分配嵌套的 map 唯一键，javascrpit

Question

I need to assign assign each input their own id.

const sep = words.map((word, ind) => {
  return (
     <div key={ind} className="guess__word">
       {word.split("").map((letter, id) => {
         if (letter === " ") {
           return <SpaceBox key={id} letter={letter} />;
         } else {
           return <LetterBox key={id} id={id} letter={letter} />;
         }
      })}
     </div>
   );
 });

The problem that I am having is that due to the map being nested, the value of id keeps reseting back to 0. Each word of words has a different length so if kinda hard to figure out if there is a math equation that would help me solve this.

for reference, the length of each word is 10, 3, 4, and 4.

Also I need the ids to equal up to the length of words. So I would need the ids to be 0-20.

Answer 1

if kinda hard to figure out if there is a math equation that would help me solve this.

There is - given indicies X and Y, you can map onto the Xth prime number raised to the Y power - but that's way overkill here. Just use string concatenation, for the key, eg indicies 3 and 4 can produce a key of 3_4 .

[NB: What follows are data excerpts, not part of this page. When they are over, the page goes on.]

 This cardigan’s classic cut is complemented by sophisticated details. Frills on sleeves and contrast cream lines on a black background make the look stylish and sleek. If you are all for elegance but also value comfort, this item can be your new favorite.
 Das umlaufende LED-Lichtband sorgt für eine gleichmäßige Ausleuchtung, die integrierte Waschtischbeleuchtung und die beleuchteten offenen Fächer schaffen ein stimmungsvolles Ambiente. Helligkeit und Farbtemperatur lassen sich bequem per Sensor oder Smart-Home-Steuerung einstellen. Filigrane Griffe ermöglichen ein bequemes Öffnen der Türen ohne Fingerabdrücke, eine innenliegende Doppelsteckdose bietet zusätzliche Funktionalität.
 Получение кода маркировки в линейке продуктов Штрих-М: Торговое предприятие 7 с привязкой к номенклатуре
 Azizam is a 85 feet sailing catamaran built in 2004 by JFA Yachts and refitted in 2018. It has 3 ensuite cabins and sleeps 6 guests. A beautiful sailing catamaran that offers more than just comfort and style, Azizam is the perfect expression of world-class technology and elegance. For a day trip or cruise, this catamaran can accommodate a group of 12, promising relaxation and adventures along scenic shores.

I'd recommend not using .split('') to get a character array from a string - invoke the array's iterator instead, otherwise you'll occasionally run into problems when odd characters are present.

const sep = words.map((word, ind) => {
  return (
     <div key={ind} className="guess__word">
       {[...word].map((letter, id) => {
         const key = `${ind}_${id}`;
         if (letter === " ") {
           return <SpaceBox key={key} letter={letter} />;
         } else {
           return <LetterBox key={key} id={id} letter={letter} />;
         }
      })}
     </div>
   );
 });

If the words may change, you might want to use a slightly different key, to differentiate a SpaceBox letter from a LetterBox letter.

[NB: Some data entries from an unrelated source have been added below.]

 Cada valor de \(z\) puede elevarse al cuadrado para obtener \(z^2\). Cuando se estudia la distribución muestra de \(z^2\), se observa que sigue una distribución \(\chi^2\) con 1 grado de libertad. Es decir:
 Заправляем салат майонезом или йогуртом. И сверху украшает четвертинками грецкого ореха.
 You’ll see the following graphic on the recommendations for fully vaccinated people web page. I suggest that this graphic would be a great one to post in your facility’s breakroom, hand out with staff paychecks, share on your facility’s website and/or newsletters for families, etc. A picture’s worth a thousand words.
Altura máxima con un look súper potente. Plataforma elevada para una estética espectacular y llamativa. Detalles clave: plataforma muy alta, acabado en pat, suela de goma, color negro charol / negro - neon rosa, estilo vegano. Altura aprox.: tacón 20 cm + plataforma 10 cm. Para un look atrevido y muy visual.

<LetterBox key={key + ' '} id={id} letter={letter} />

If you have to use only array indicies in order starting from 0, it'll be uglier - declare the last used number outside, and use and increment it inside the loop.

let lastId = -1;
const sep = words.map((word) => {
  return (
     <div key={ind} className="guess__word">
       {[...word].map((letter) => {
         if (letter === " ") {
           return <SpaceBox key={++lastId} letter={letter} />;
         } else {
           return <LetterBox key={++lastId} id={lastId} letter={letter} />;
         }
      })}
     </div>
   );
 });

Due to the odd key requirement, the above is only a good approach if the words are static. If they may change, memoize the boxes based on the words .

Answer 2

To save math, you might as well just concatenate the numbers in a meaningful way

const sep = words.map((word, ind) => {
  return (
     <div key={ind} className="guess__word">
       {word.split("").map((letter, id) => {
         const key = `${ind}-{key}`;
         if (letter === " ") {
           return <SpaceBox key={key} letter={letter} />;
         } else {
           return <LetterBox key={key} id={id} letter={letter} />;
         }
      })}
     </div>
   );
 });